Será que foi isso que Bram Stoker tentou nos avisar quando escreveu Drácula? Será que realmente drácula é só um livro sobre vampiros? Ou Drácula, na verdade, é um alerta, uma tentativa de aviso do que Bram Stoker viu surgir na Londres vitoriana do século XIX? Será que ele viu todo o problema e teve medo de contar diretamente e, por isso, contou através de uma alegoria com vampiros?
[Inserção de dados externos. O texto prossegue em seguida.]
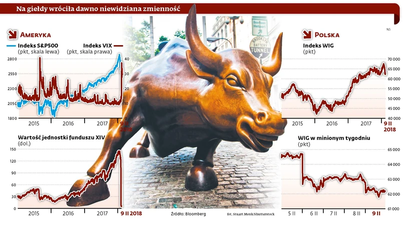 Drugie co do popularności wyjaśnienie spadków na giełdach wiąże się ze wzrostem popularności transakcji pochodnych powiązanych z indeksem VIX, zwanym też indeksem strachu. Mierzy on oczekiwaną zmienność notowań. Jeśli indeks notowań opcji na zmiany cen idzie w górę, oczekiwane zmiany cen rosną, jeśli w dół – maleją. W ostatnich kwartałach VIX systematycznie się obniżał. Rosły zyski (i popularność) funduszy, które liczyły na dalszy spadek zmienności. Jak VelocityShares Daily Inverse VIX banku Credit Suisse, którego aktywa wynosiły prawie 2 mld dol. Gdy ceny akcji poszły w dół, a zmienność znacząco wzrosła, w ciągu tygodnia notowania funduszu spadły o... 96 proc. Konieczność pokrywania strat przez podmioty, które zainwestowały w ten produkt, zmuszała je do sprzedaży innych aktywów, co tylko pogłębiało problemy na giełdzie.

Se Drácula é uma palavra hermética para famílias dinástica então, infelizmente, talvez a realidade seja mil vezes pior que a ficção. Se a nossa chave hermética está correta então essa versão do Drácula consegue ser até pior do que o Drácula original, o conde Vlad Tepes, o empalador que inspirou Bram Stoker. Isso porque o sofrimento que as famílias dinásticas trazem ao mundo até hoje, em nome de suas imortalidades, é muito maior do que os milhares de empalamentos feitos por Vlad. No fim das contas, se essa nossa interpretação do Drácula é real então o Drácula é muito mais maligno do que pensávamos e, a realidade talvez seja pior que um filme de terror. Muito sangue ainda vai correr até que nos livremos deles.
Interessante leitura Homero. Independentemente de ser ou não acurada para obra, acho que o dotô construiu uma ótima analogia para explicar um certo elemento da estrutura ocidental de poder.
De minha parte, acredito que o caráter central da obra do autor anglo-irlandes é a consciência que o ocidente teria perdido a sua mística. Como o senhor doutor professor careca notou, Bram Stoker estava envolvido no renascimento místico do século XIX, que não somente buscou no ocultismo, mas até em vertentes tradicionais do cristianismo soluções para as expectativas frustradas do racionalismo iluminista. Por tanto, um monstro vindo da região mais primitiva da Europa naquele tempo, a Transilvânia, que com magia desafia e vence o poderio científico da região mais moderna do Mundo, mas que só pode ser vencido com coisas que eram tidas como superstições (os crucifixos e a eucaristia etc.) parece ser um comentário acurada sobre a crise do racionalismo cientificista.
Existem outros elementos na obra que são dignos de análises profundas, como a clara caracterização sexual do Conde Drácula, e como todas as imagens de mordidas e beber sangue se ligam com a ideia de pecado e corrupção da pureza, talvez tu poderia fazer análises filosóficas feitas por profissionais sobre eles também.